We also conducted leave-one-out cross-validation to evaluate the performance of the dual-layer integrated cell line-drug network model in the CGP study with activity area as drug response measurement. For drugs targeting genes in the PI3K (Fig 5A and 5B) and ERK (S3 Fig) pathways, the dual-layer integrated cell line-drug network model gave consistently better performance than CSN or DSN alone. In addition, for around half of these drugs, the Pearson correlations between the observed and predicted responses from the dual-layer integrated cell line-drug network model were higher than 0.5 (Fig 5A and S3A Fig). Scatter plots of 4 example drugs also indicate that the good correlations are fairly reasonable with relatively small numbers of outliers (Fig 5C and S3C Fig), results of the rest drugs in these two pathways are shown in (S4 Fig). Similar conclusion can be drawn when using IC50 as drug response measurement (S5 Fig).

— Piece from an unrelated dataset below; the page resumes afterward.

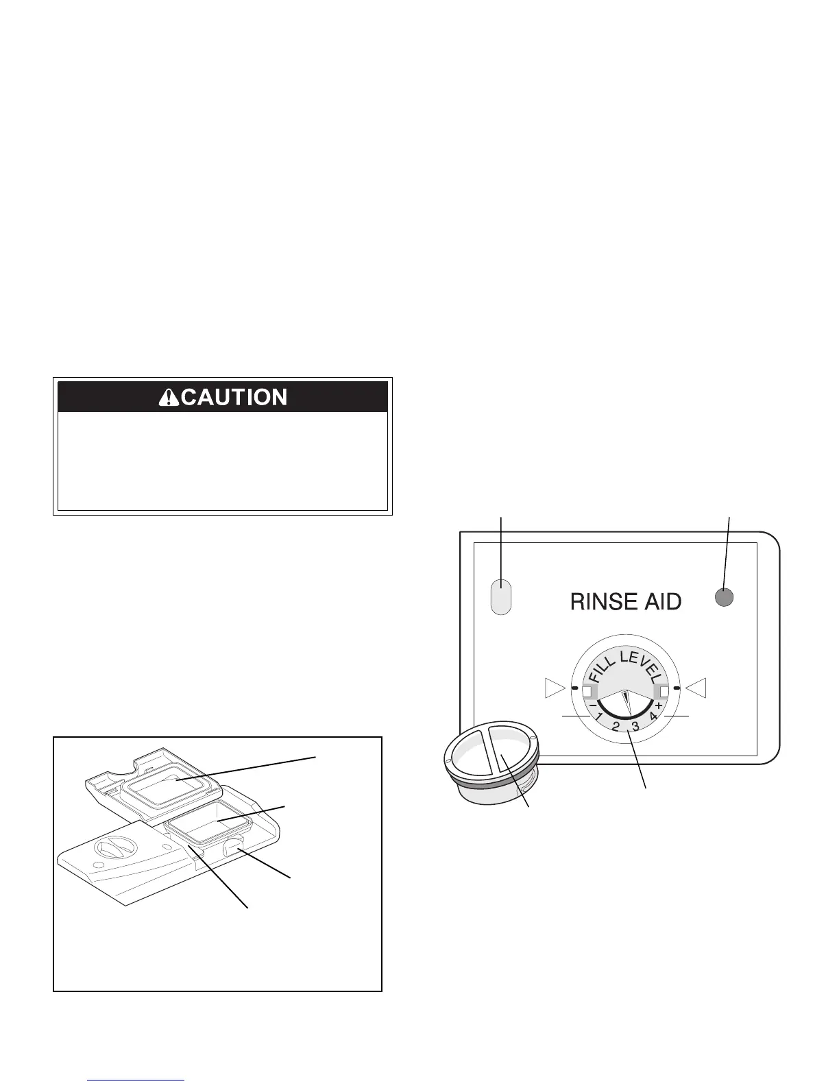 To add liquid rinse aid, turn dispenser cap 1/4 turn

(A) Bar graph showing the prediction performance of five models using experimental data from the CGP study, which was quantified using the Pearson correlation between predicted and observed activity areas. RF: prediction result by random forest using combined features of genomic and chemical data; SVR: prediction result by support vector regression using combined features of genomic and chemical data; CSN: prediction results using only the cell line similarity network; DSN: prediction results using only the drug similarity network; Integrated: prediction results using the dual-layer integrated cell line-drug network model. (B) Pearson correlation distribution of the five different models using t-tests to determine differences between two groups. (C) Correlations between observed and predicted activity areas using the dual-layer integrated cell line-drug network model.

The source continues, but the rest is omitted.